5 Movies That Perfectly Capture Exactly How It Feels to Be 25
I finally turned 25 (this past Thursday) and have realized it is the momentous age since turning 21. I am able to rent a car cheaply, have been alive for a quarter of a century and am no longer considered in my “early 20s.” There are many ways to illustrate what it feels like being 25, but movies do the best of it. These are five movies that encompass how I feel at 25.
1. The Hangover
Everybody knows the movie. Four men go to Las Vegas for a bachelor party, they lose one of their friends, and do not remember what happened the previous night. The three friends recount their night, discovering a night of debauchery, shenanigans and insanity. While typically these type of events are normally for your early twenties, I have spoken to many friends who still have nights like these. Nights where you go out, have a ton of fun, hang out with your best friends and don’t remember what happened the previous night. The next morning, you wake up, head pounding and you don’t remember the night before. Your friends have to fill you in on what happened.
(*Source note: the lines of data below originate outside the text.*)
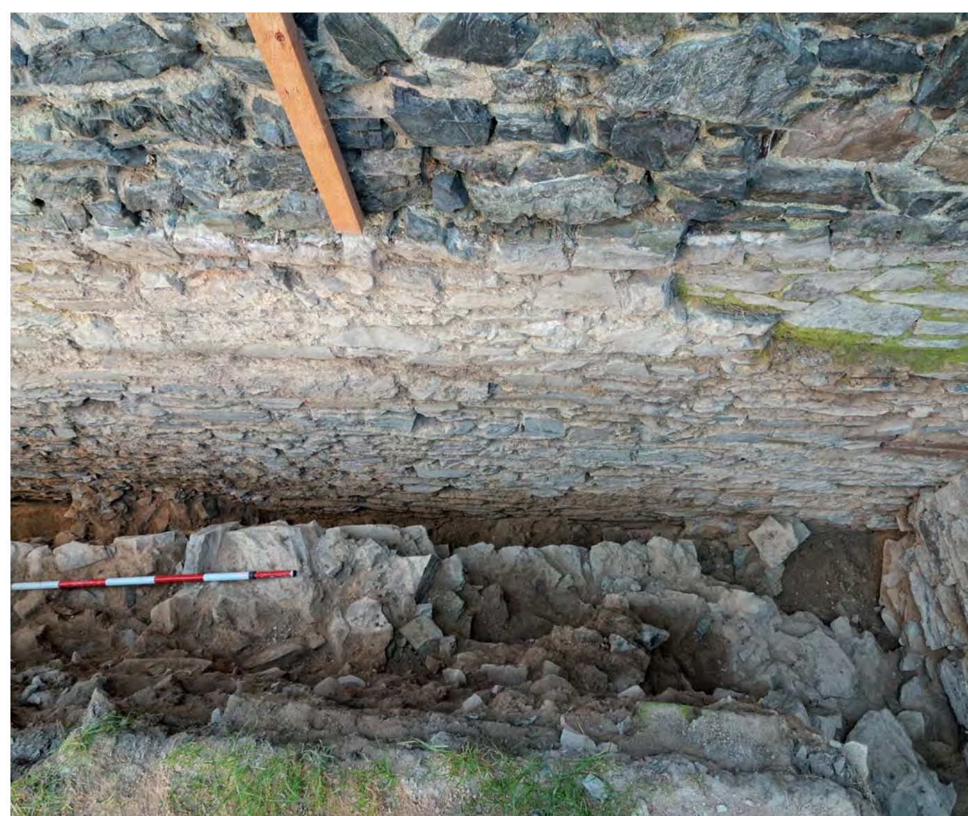
Odhalené zbytky rozbořeného hradu, vpředu a vpravo zdi současného hradu
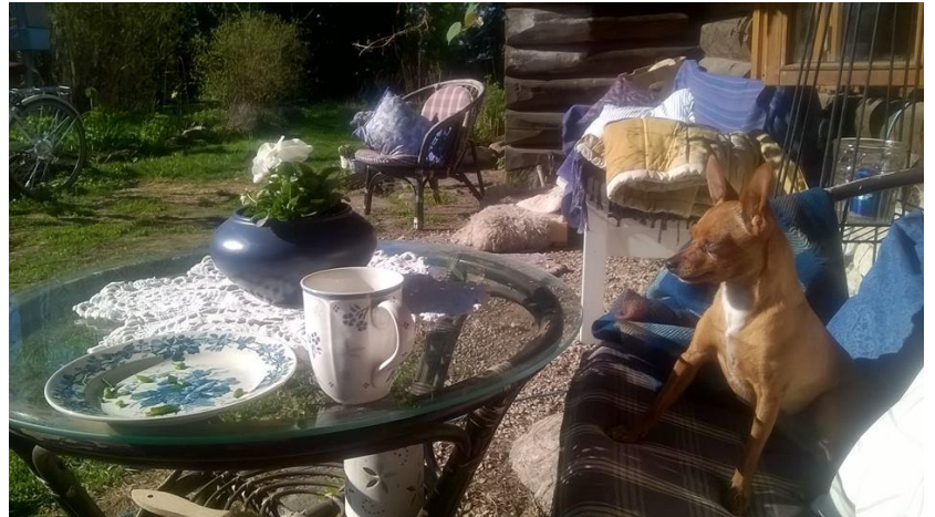
Fotol on koer Täpi oma kodumaja ees päikest ja elu nautimas
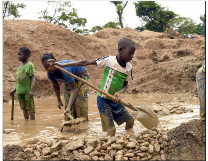
Niños esclavos en las minas del Congo

Hay que terminar con esas burguesías cipayas y sus regímenes antiobreros para imponer una República Negra Obrera y Campesina en la República Democrática del Congo y en Ruanda , y junto a nuestros hermanos sublevados en Mozambique y las masas de Níger, Somalia, Senegal, Kenia, Zimbabwe, Sudáfrica, Nigeria, Chad, Mali, Burkina Faso etc. conquistar una Federación de Repúblicas Negras Obreras y Campesinas del Centro y Sur de África que es la única que podrá sacar al continente negro de décadas y décadas de martirio y postración impuestos por el imperialismo y sus gobiernos lacayos.
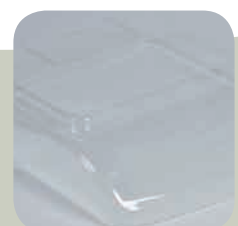
Blíster de protección
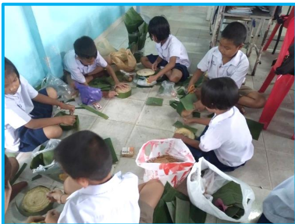
Fabrication des Kratongs
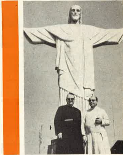
Il P. Generale con il P. Commissario sul Corcovado

La parrocchia tenuta dai Nostri e dedicata a Cristo Redentore è posta tra l'aeroporto e il centro della città, con una popolazione valutata sulle 30.000 anime, in una zona socialmente intermedia, ma con larghe frangie di « favelas », dove necessita impostare un lavoro apostolico tipicamente missionario. I nostri Padri vi lavorano con grande zelo e con visibili risultati. Una grande strada di collegamento ha letteralmente spaccato in due il territo-
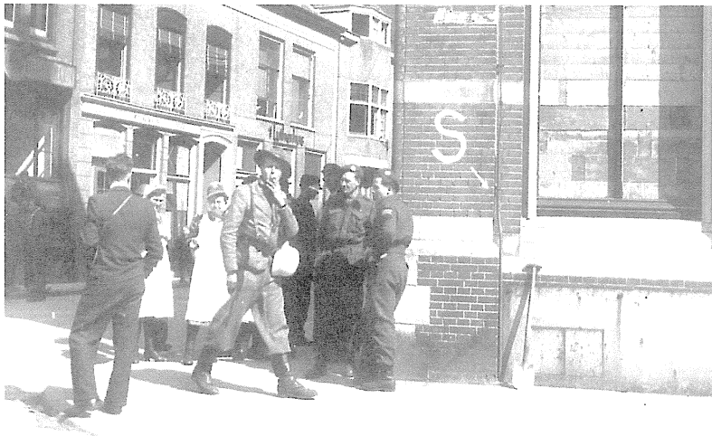
Canadese militairen bij het postkantoor, dat door moedig optreden van het verzet voor vernieling werd behoed.

de Canadezen nog in de straten van Deventer vochten. Dieperinks molen, eens een karakteristiek punt in de Weseper lintbebouwing langs de Raalterweg, diende de Duitsers als waarnemingspost. De Hauptmann raakte in de loop van de avond in paniek. Hem was gemeld dat er weliswaar in Deventer gevochten werd, maar dat verkenningseenheden van de Canadezen al rondzwierven in de buurt van abdij Sion en dat zij oostelijk door het beboste gebied van Averlo waren opgerukt tot aan het open gebied dat Wesepe van de Malbergerweg scheidt. Hij sommeerde een groepje soldaten op verkenning uit te gaan. Zij kregen de boodschap mee 'zu schiessen' wanneer ze ook maar iets verdachts bespeurden. Het was een loze boodschap, want de soldaten hadden geen wapens meer.
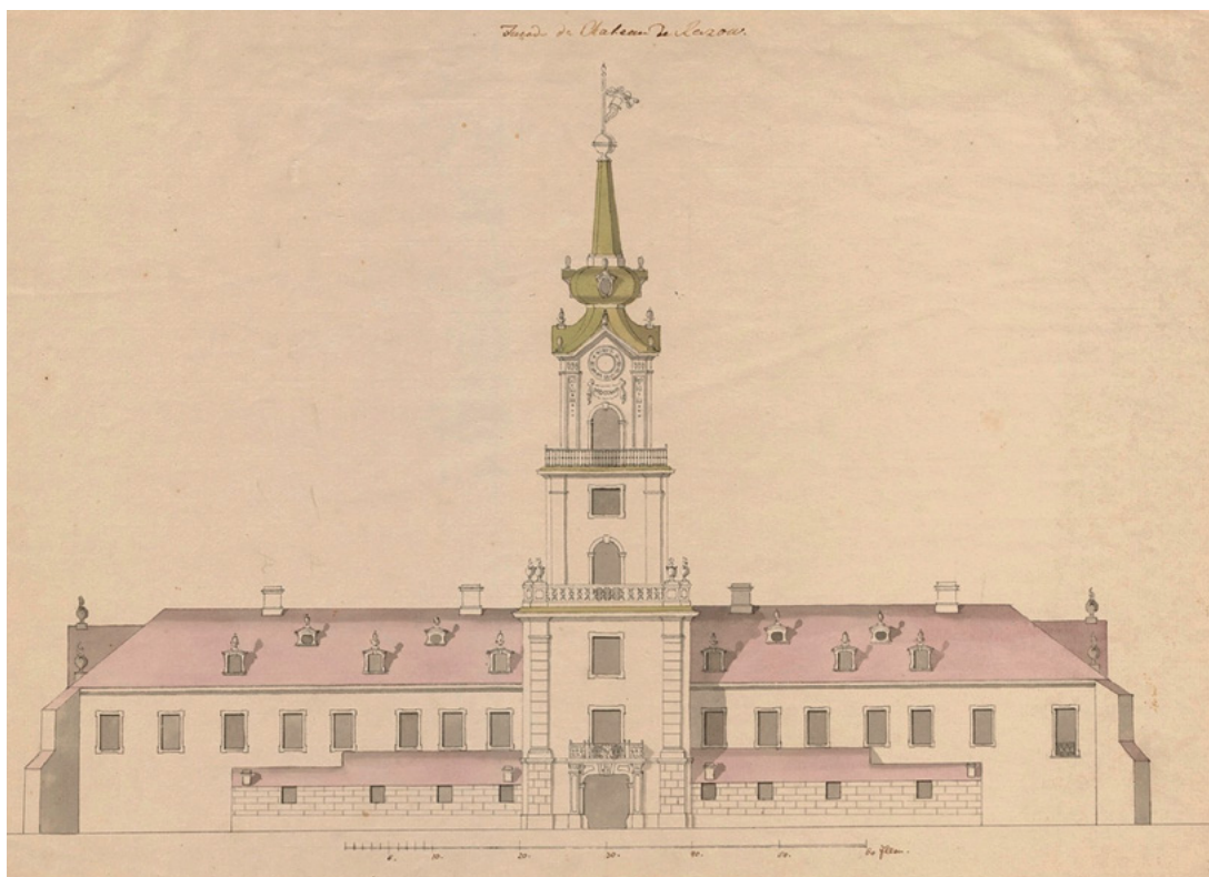
3 Projekt elewacji zachodniej zamku Lubomirskich w Rzeszowie, 1723, Muzeum Narodowe w Warszawie.
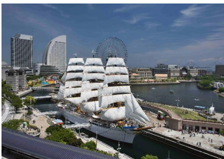
良好な保存を目指し万全な整備
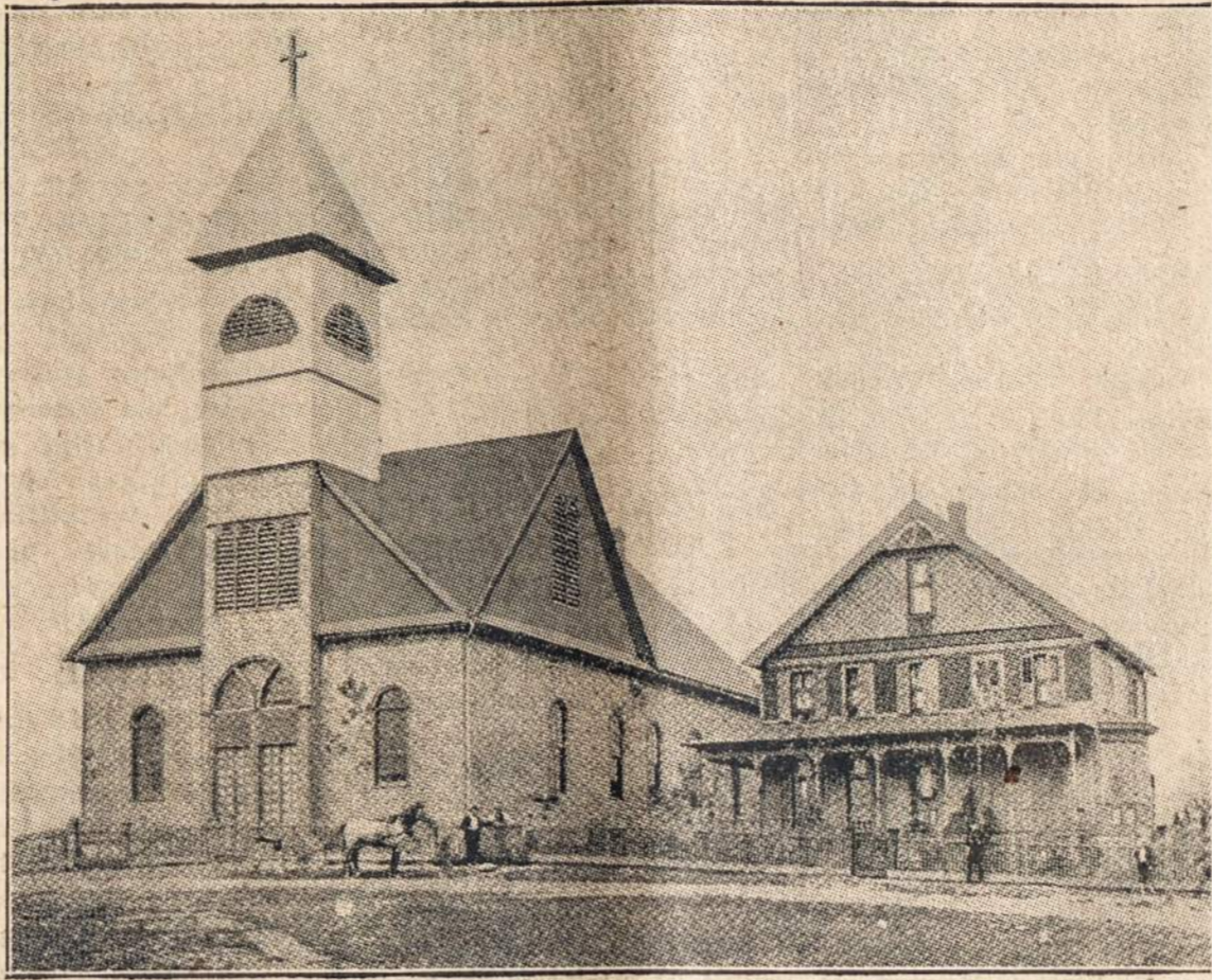
SENOJI ŠV. KAZIMIERO PARAPIJOS BAZNYCIA IR KLEBONIJA
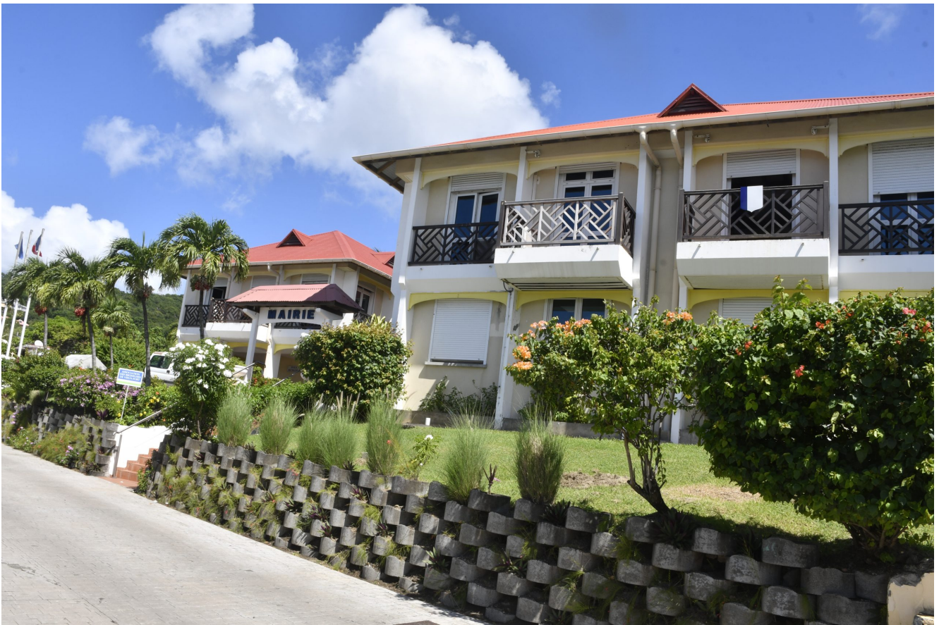
Hotel de ville de Vieux-Fort
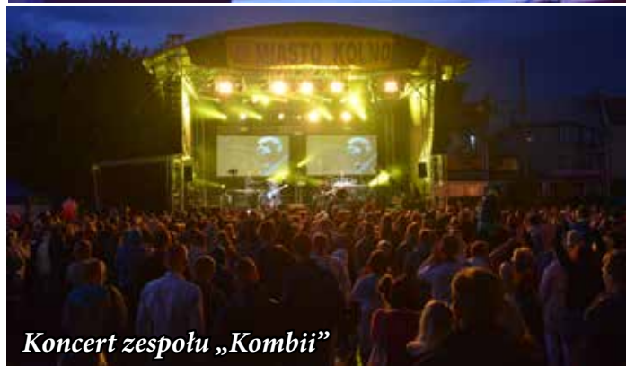
Koncert zespołu „Kombii”
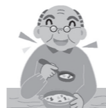
対象 町内在住で高齢者の食事に興味のある方。高齢者に食事を作っている家族 定員 先着15人

対象 町内在住・在勤者のみの10人以上の団体 ※毎年手続きが必要 受付期間 2月1日（水）～15日（水）※火曜日除く 申込方法 所定の申請書に必要事項を記入のうえ提出 備考 許可書を発行後、施設を利用できます。 【町住民体育館（☎88・4567）
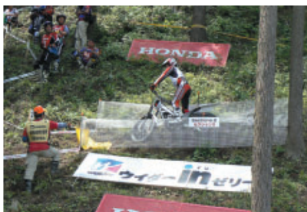
全セクションで掲出されたウイダーとHondaバナー
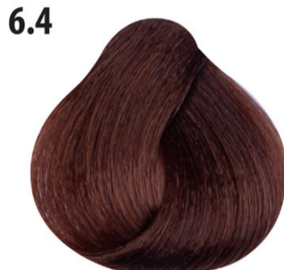
6.4 Donker koperblond Koyu kumral bakır Blond foncé cuivré Dark copper blond DUNKELBLOND KUPFER
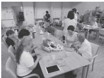
高齢者施設での活動
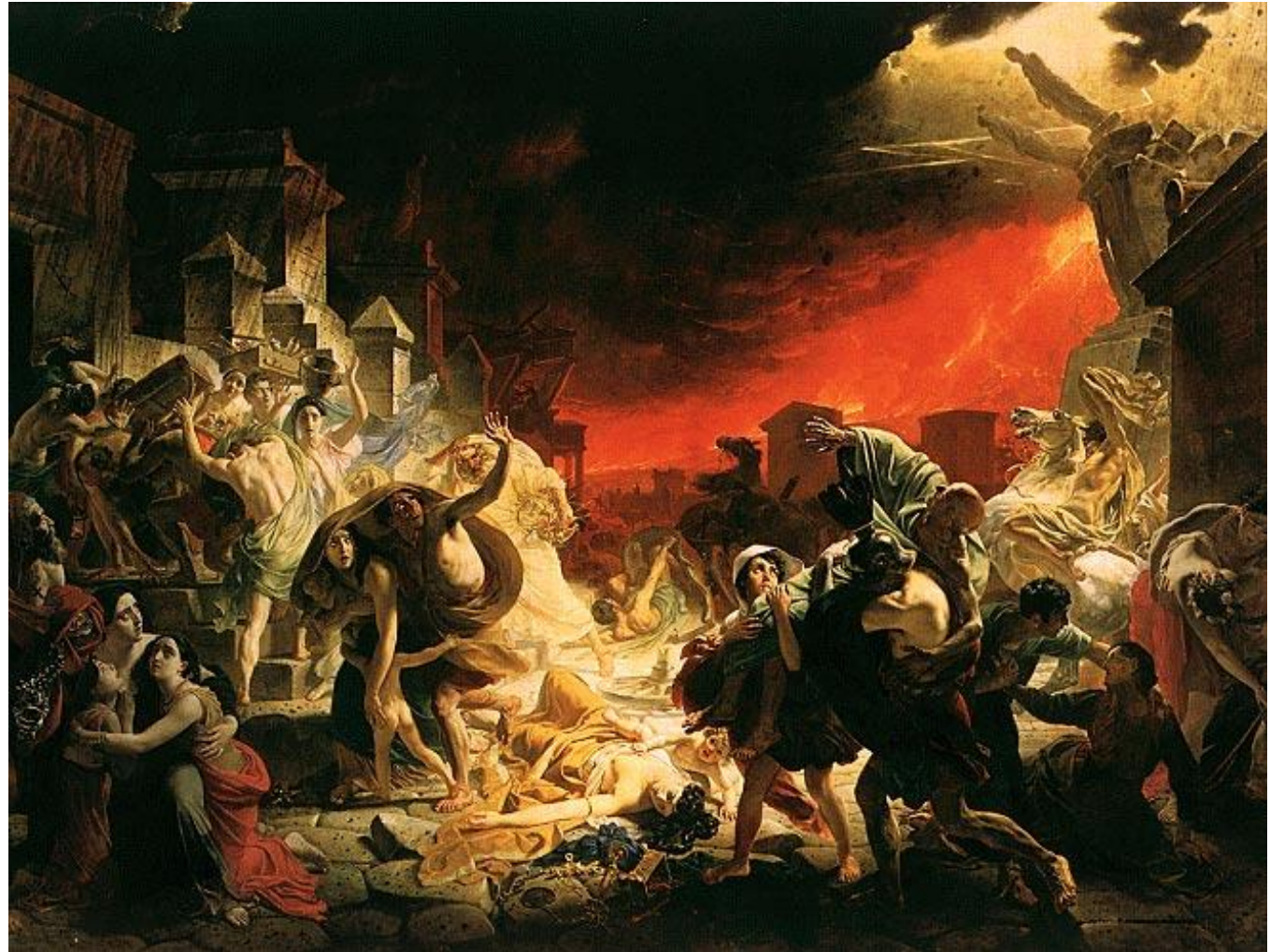
К.П. Брюллов «Последние дни Помпеи»

While I don’t say you should go out and black out, there are times when you wake up with a really nasty hangover, my 25th birthday being that.
2. 500 Days of Summer
In the movie, Tom Hansen (Jason Gordon-Levitt) falls in love with Summer Finn (Zooey Deschanel). They meet in an unconventional way, starting up as a casual fling, progressing into something more romantic. They fall in love and sadly, fall out of love. This movie captures love at 25 perfectly. Sometimes you meet somebody who you never thought you would date, fall in love with them and then life takes you in different directions and you fall out of love. Tom encompasses what it feels like to break up and try to move on. At 25, you have relationships that come in and out of your life for reasons and the most important thing is that you learn from those relationships.
3. Waiting
This movie, starring Justin Long, is about a waiter who works at a restaurant called Shenaniganz wanting to move on with his life. He realizes he is stuck at a dead end job and wants a more promising future. Most of us at 25, in this economy, are waiting for something better, whether it be a better job, for marriage, for having kids or for something. We have gone to college and are stuck at a dead end job. While I may have a good job at the moment, I am still waiting for that break, for a better “bigger” girl job as I label it.
4. Bridesmaids
This one hits home especially since most of my friends are getting married. Bridesmaids follows the story of one woman, Annie (Kristen Wiig) who becomes a bridesmaid for her best friend. After her failed business venture and bad relationships, her friend and her have a falling out. Eventually Annie hits rock bottom and moves back into her mothers and receives a literal bitch slap in the face from Melissa McCarthy. This movie encompasses many millennials who have gone out, tried to get a great job and have had to come back home to live with their parents. How many of us have felt like we failed at 25? But, on the flip side, we receive that reality check and are able to pick up our feet, little by little and realize that we have more in us.
5. Wall-E
Now some of you may wonder why I chose this movie. Wall-E is about a robot who lives on an uninhabitable Earth gathering garbage until another robot, Eve, finds life. Later on, Eve takes the plant back to the ship and shows it to human captain. The humans have devolved to the point where they cannot walk and are so caught up in technology they have no recollection of how their former human ancestors lived. Eventually, they return back to Earth and start anew. This movie is very telling of how I feel about my friends at 25. The humans on the ship are so involved in the media that they forget what it’s like to have a real conversation. Being 25, I feel that some of my friends do not know how to have a real conversation without whipping out their cell phones. Technology, at times, has hindered our ability to have interpersonal relationships.
At 25, I have lived through a lot of tragedies and triumphs. The most important thing that I have learned is to look past those tragedies and try and remember that there is good in the world.